For non-Python or highly domain-specific code, consider additional fine-tuning on in-domain examples.

How to Get Started with the Model

Example with 🤗 Transformers and PEFT (LoRA adapter):

from transformers import AutoTokenizer, AutoModelForCausalLM
from peft import PeftModel

base_model_id = "meta-llama/Llama-3.2-1B-Instruct"
adapter_id = "Abdul1102/llama32-1b-python-docstrings-qlora"

tokenizer = AutoTokenizer.from_pretrained(base_model_id)
model = AutoModelForCausalLM.from_pretrained(base_model_id, device_map="auto")
model = PeftModel.from_pretrained(model, adapter_id)

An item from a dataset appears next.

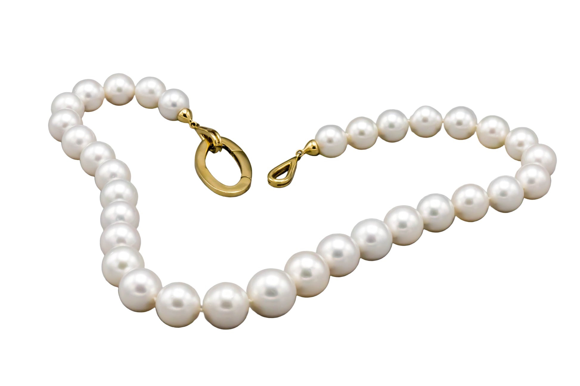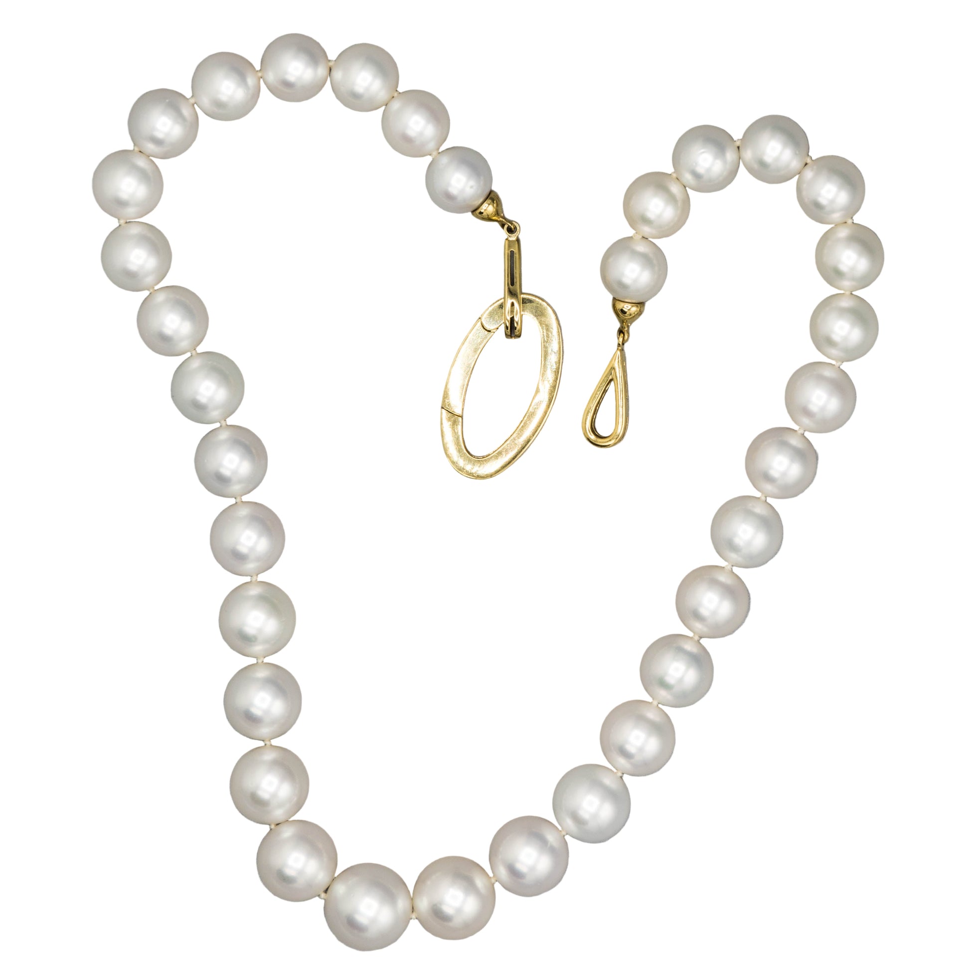 Elevate your jewelry collection with this exquisite 21-inch strand of Australian Southsea saltwater cultured pearls, showcasing the lustrous beauty these waters are renowned for. Each pearl measures 12-14.8mm, displaying the rich, warm tones characteristic of premium Southsea varieties. Secured with a refined 14k yellow gold clasp, this timeless piece transitions seamlessly from day to evening wear, offering both elegance and enduring quality for the discerning collector.
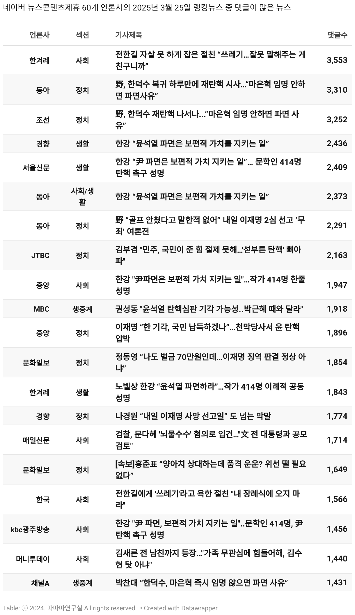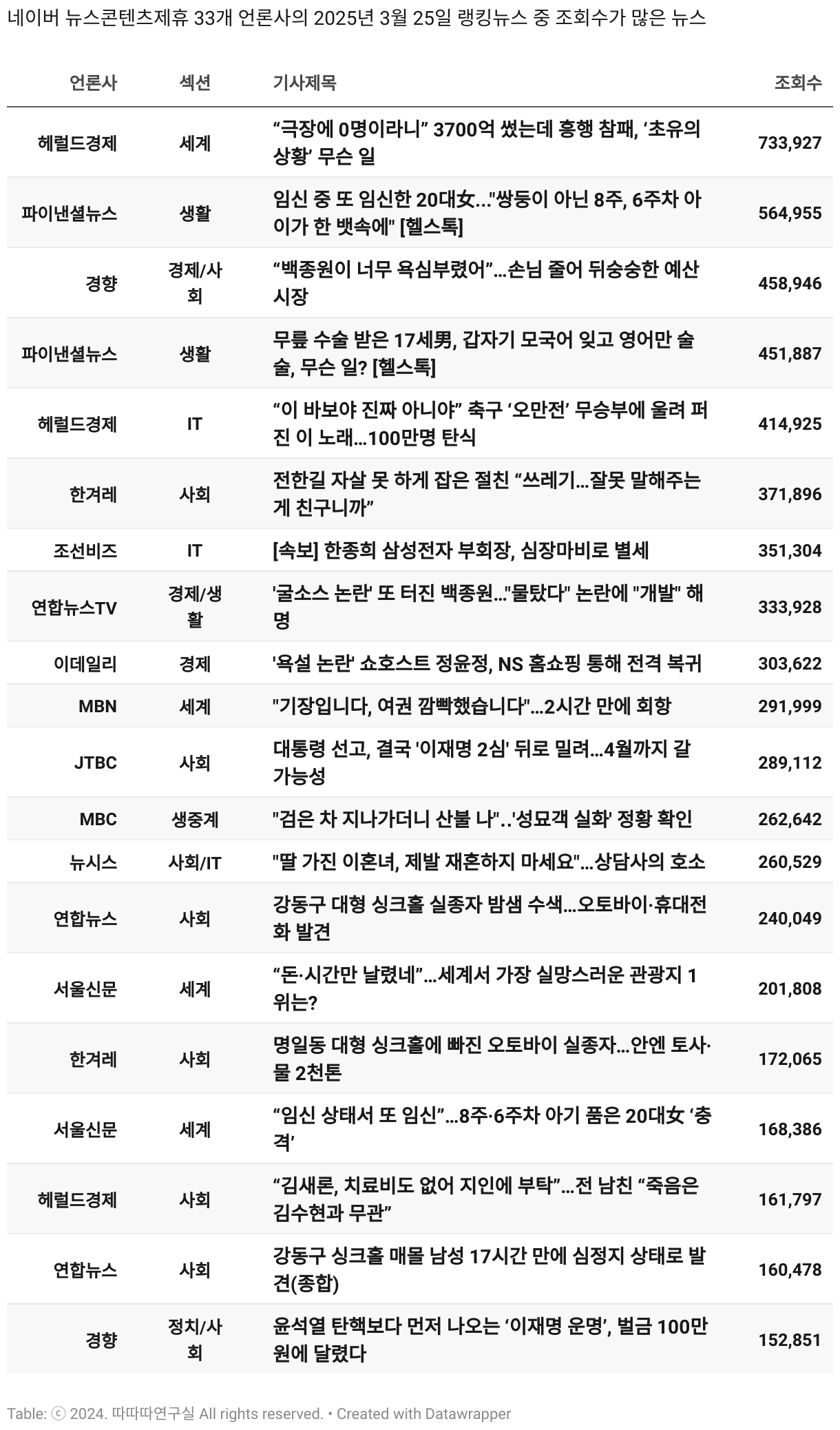 보도 시간대 기준 가장 흥한 기사 3건이 표시됩니다.

def make_prompt(code: str) -> str:
    return
        f'Write a one-line Python docstring for this function:\n\n{code}\n\n"""'

code = "def add(a, b):\n    return a + b"
inputs = tokenizer(make_prompt(code), return_tensors="pt").to(model.device)
outputs = model.generate(**inputs, max_new_tokens=32, do_sample=False)
text = tokenizer.decode(outputs[0], skip_special_tokens=True)
print(text)

Training Details

Training Data

Dataset: Python subset of CodeSearchNet (Nan-Do/code-search-net-python)
Inputs: code column (full Python function body)
Targets: First non-empty line of docstring
A filtered subset of ~1,000–2,000 examples was used for efficient QLoRA fine-tuning

Training Procedure

Objective: Causal language modeling (predict the docstring continuation)
Method: QLoRA (4-bit quantized base model with LoRA adapters)
Precision: 4-bit quantized weights, bf16 compute
Epochs: 1
Max sequence length: 256–512 tokens

Training Hyperparameters

Learning rate: ~2e-4 (adapter weights only)
Epochs: 1
Optimizer: AdamW via Hugging Face Trainer
LoRA rank: 16
LoRA alpha: 32
LoRA dropout: 0.05

Evaluation

Testing Data, Factors & Metrics

Testing Data

Held-out test split from the same CodeSearchNet Python dataset, using identical code → one-line docstring mapping.

Factors

Function size and complexity
Variety in docstring writing styles
Presence of short or noisy docstrings

Metrics

BLEU (sacreBLEU): strict n-gram overlap, sensitive to paraphrasing
ROUGE (ROUGE-1 / ROUGE-2 / ROUGE-L): better for short summaries

Results

Approximate performance on ~50 held-out samples:

BLEU: ~12.4
ROUGE-1: ~0.78
ROUGE-2: ~0.74
ROUGE-L: ~0.78

Summary

The model frequently reproduces or closely paraphrases the correct docstring. Occasional failures include echoing part of the prompt or returning an empty string. Strong performance for a 1B model trained briefly on a small dataset.

Model Examination

Not applicable.

Environmental Impact

Hardware Type: Google Colab GPU (T4/L4)
Hours Used: ~0.5–1 hour total
Cloud Provider: Google Colab
Compute Region: US
Carbon Emitted: Not estimated (very low due to minimal training time)

Technical Specifications

Model Architecture and Objective

Base model: Llama 3.2 1B Instruct
Architecture: Decoder-only transformer
Objective: Causal language modeling
Parameter-efficient fine-tuning using LoRA (rank 16)

Compute Infrastructure

Hardware

Single Google Colab GPU (T4 or L4)

Software

Python
PyTorch
Hugging Face Transformers
PEFT
bitsandbytes
Datasets

Citation

Not applicable.

Glossary

Not applicable.

More Information

See the Hugging Face model page for updates or usage examples.

Model Card Authors

Abdullah Al-Housni

Model Card Contact

Available through the Hugging Face model repository.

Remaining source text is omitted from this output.